Paediatrics Flashcards
How should a neonate with bowel obstruction be transported? (8)
Two sides
Tubes (NG):relieve symptoms, prevent vomiting and aspiration pneumonia, improve ventilation (severely distended abdo splints diaphragm), measure and replace fluid and electrolyte loss, evaluate level of obstruction
Warmth: incubator/space blanket /aluminium foil
Oxygen:combat anaerobic infection, support respiration. not more than 40%! (Eye complications)

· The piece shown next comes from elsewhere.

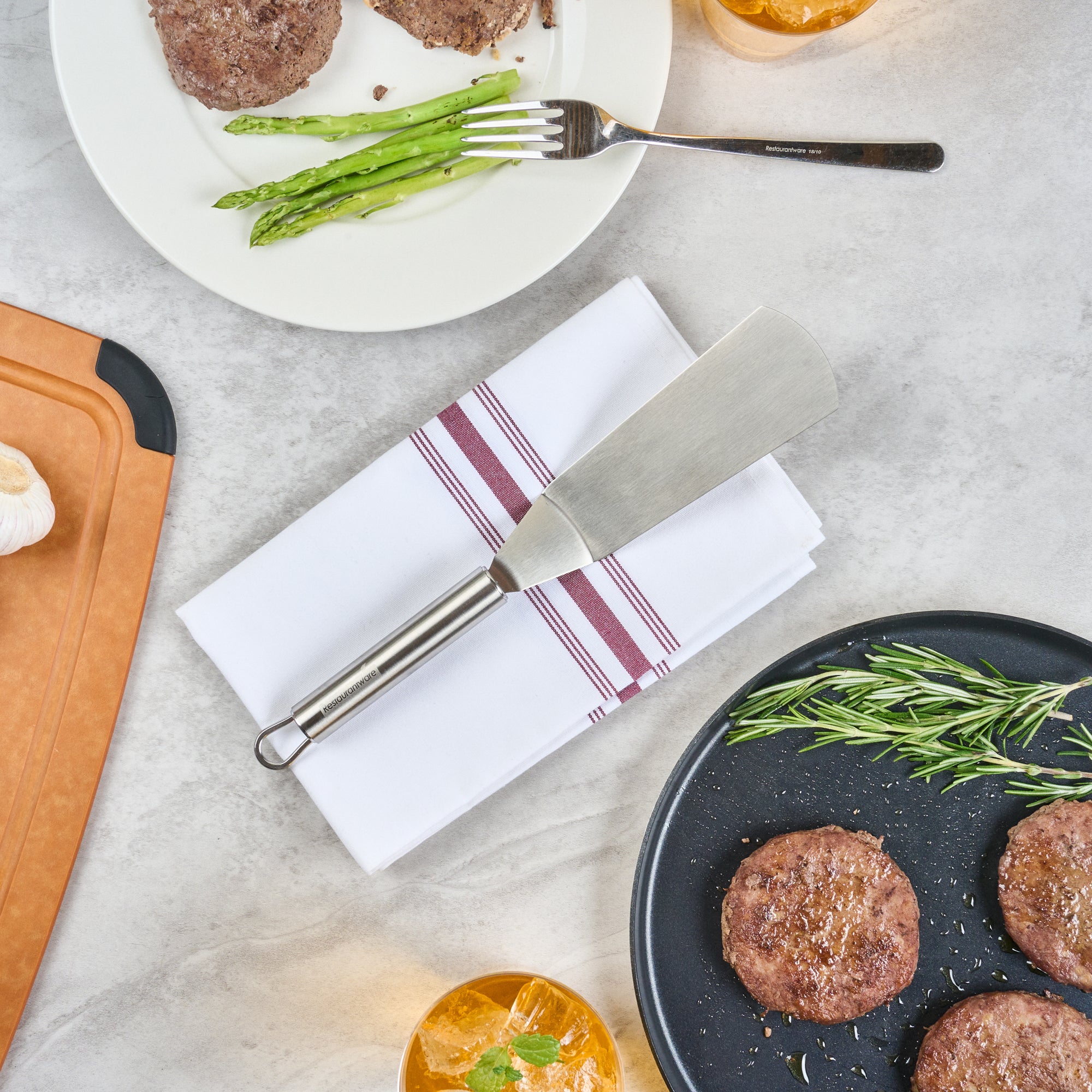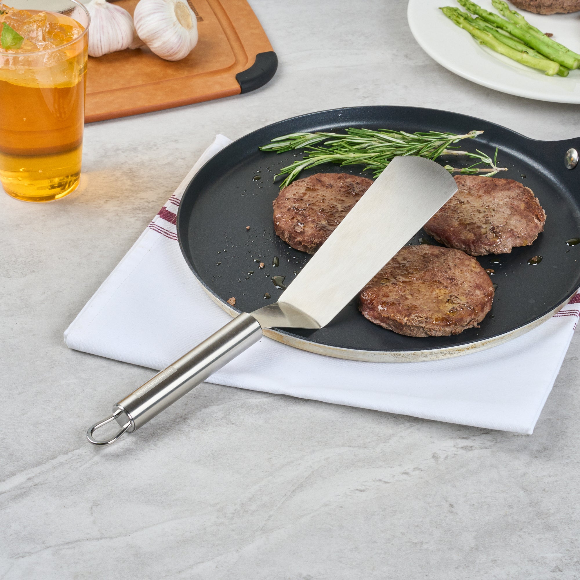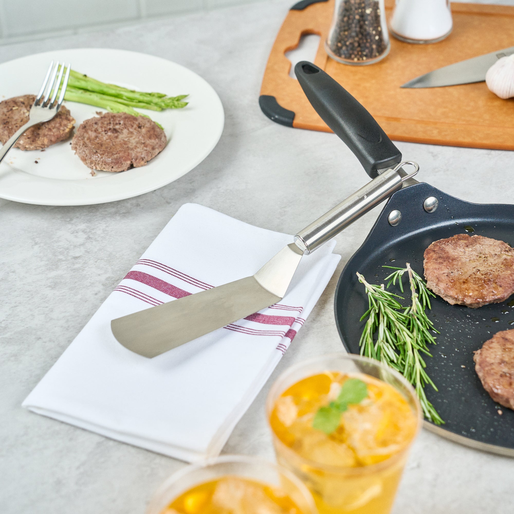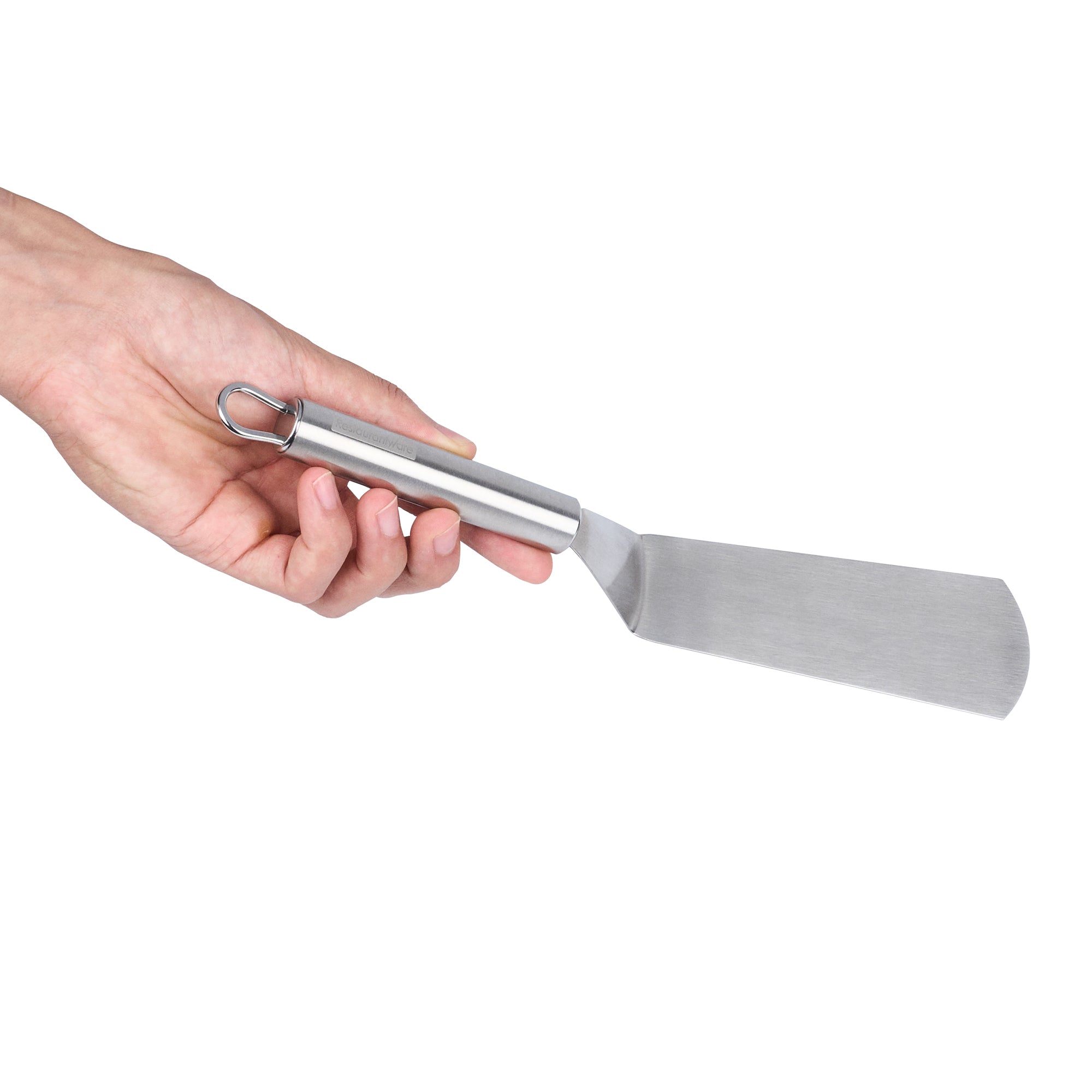 Enhance kitchen efficiency with precision-engineered tools. The German Standard Metal Spatula features robust stainless steel construction that withstands the rigors of frequent use, ensuring long-lasting reliability in restaurants and catering events. With an 11-inch length, this heavy-duty stainless steel spatula provides optimal reach and control, making it ideal for flipping burgers or pancakes. The flat, wide blade of this pancake flipper allows for effortless flips, impressing clients with your culinary skill. An ergonomically designed handle offers a comfortable grip, reducing hand fatigue during extended use and enhancing the productivity of chefs in busy kitchens. Its heat-resistant feature allows safe handling of hot foods, while dishwasher-safe properties facilitate easy cleaning, maintaining hygiene standards effortlessly. Elevate your kitchen operations with this versatile tool perfect for commercial foodservice settings. Each order includes 6 German Standard Metal Spatula.

Stabilise/prevent sepsis: evaluate and correct 5 Hs - hypoxia, hypotension, hypothermia, hypoglycaemia! (Check for every neonate); hydration
Iv fluid
Documents: referral letter, consent (operation, blood transfusion, contrast) , contact details family
Escort: qualified nurse or doctor
Specimens
Where is level of obstruction If NGT is draining saliva in neonate?
Oesophageal atresia
Where is level of obstruction If NGT is draining milk in neonate?
Stomach outlet obstruction
Where is level of obstruction If NGT is draining bilious green fluid in neonate?
Post ampula of vater
Surgical emergency until proven otherwise!

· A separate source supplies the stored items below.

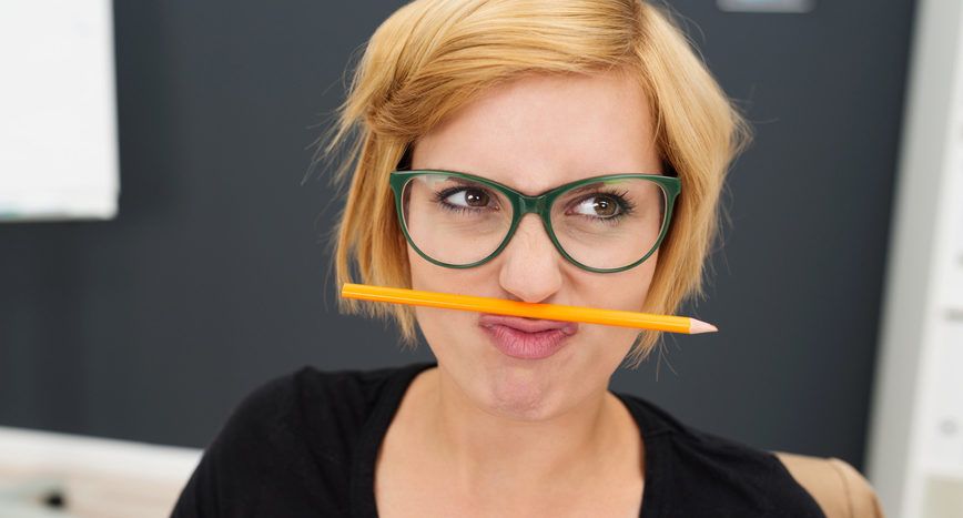 Macro Young Pretty Woman Putting Pencil Between Nose and Lip at Office via Shutterstock.com
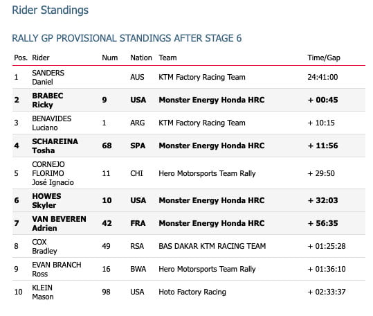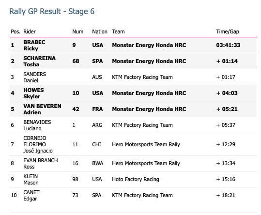 Stage six success for Monster Energy Honda HRC as Brabec wins in Riyadh.
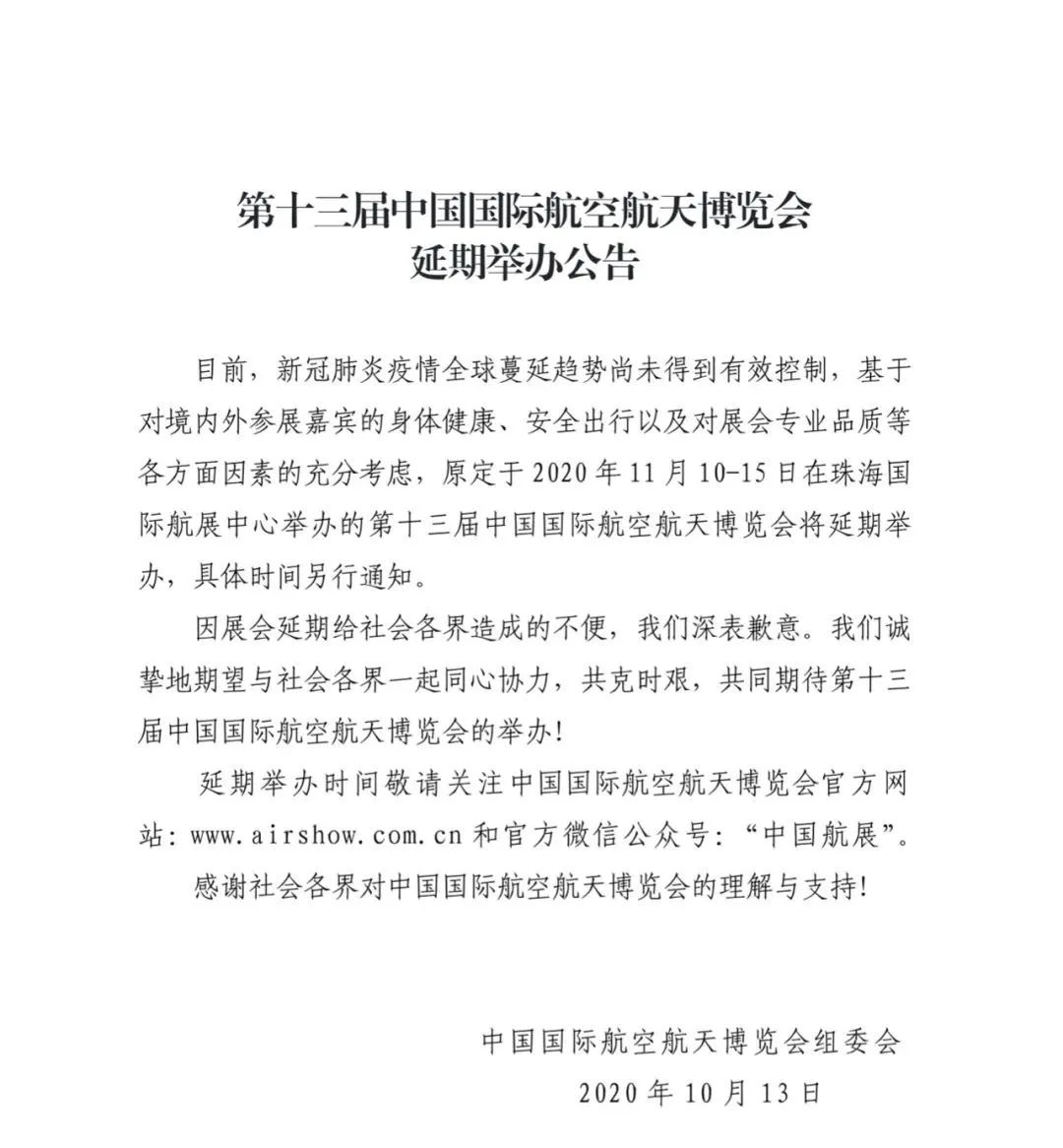 10月13日,中国国际航空航天博览会组委会(珠海航展)宣布,原定今年11月10-15日举行的航展将延期举办,时间待定。完整通告如下:

How and which fluids are given to neonates as a general rule? (5)
Day 1: 60 ml/kg/24h of 5% dextrose in water (no na/k) or potassium free neolyte
Day 2: 90 ml/kg/24h of neolyte (10% dextrose)
Day 3: 120 ml/kg/24h of neolyte (10% dextrose)

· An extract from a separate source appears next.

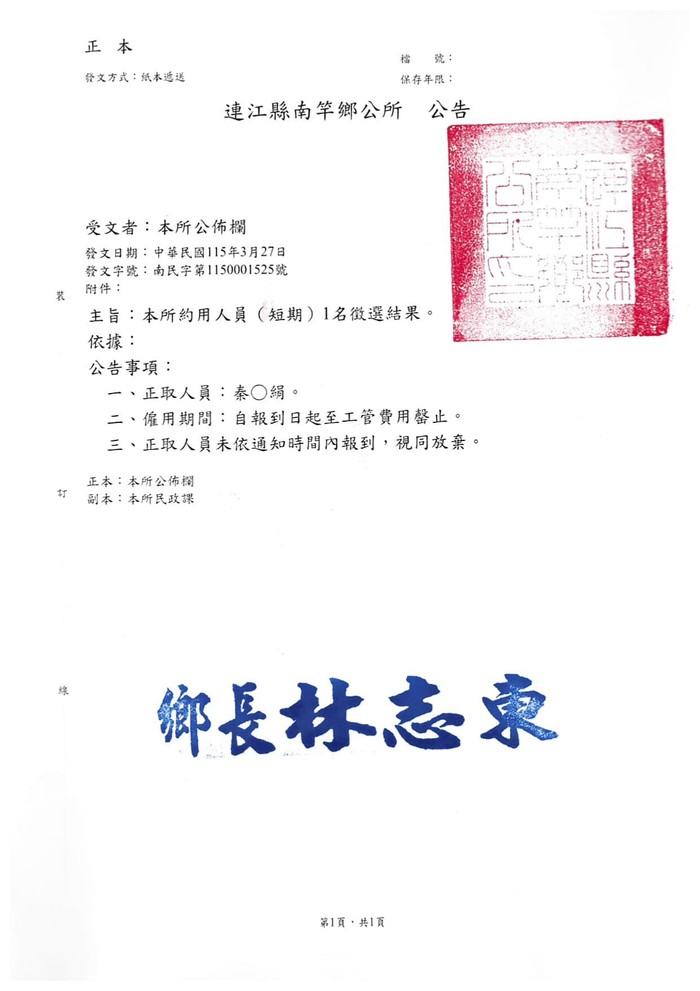 南竿鄉公所約用人員徵選結果公告

Day 4-30: 150 ml/kg/24h of neolyte (10% dextrose)
Day 30-1 year: 150 ml/kg/24h of paediatric maintenance fluid
! Differential diagnosis neonatal (congenital) bowel obstruction (6)
• Atresias 80%: small bowel atresia, anorectal malformation, oesophageal atresia
• Hirschprung’s disease 10%
• malrotation with (midgut) volvulus (not sigmoid in children!)
• meconium ileus
Prenatal diagnosis of neonatal bowel obstruction? (5)
• History pregnancy and mother: cystic fibrosis, diabetes, medication, AMA, intrauterine infection
• polyhydramnios especially in high obstructions
• prenatal ultrasound: distended fluid filled stomach, duodenum and small bowel
Duodenal atresia symptoms and associated malformations? (4)
• Early bile stained vomiting hours after birth, can be delayed if incomplete obstruction
• Associated malformations: heart defects 20%, down syndrome 30%, Vacterl association
Definitive Treatment duodenal atresia?
Duodenoduodenostomy
Treatment meconium ileus?
Wash out with saline to loosen stool. If that did not work, refer- probably Hirschprung’s (present similarly)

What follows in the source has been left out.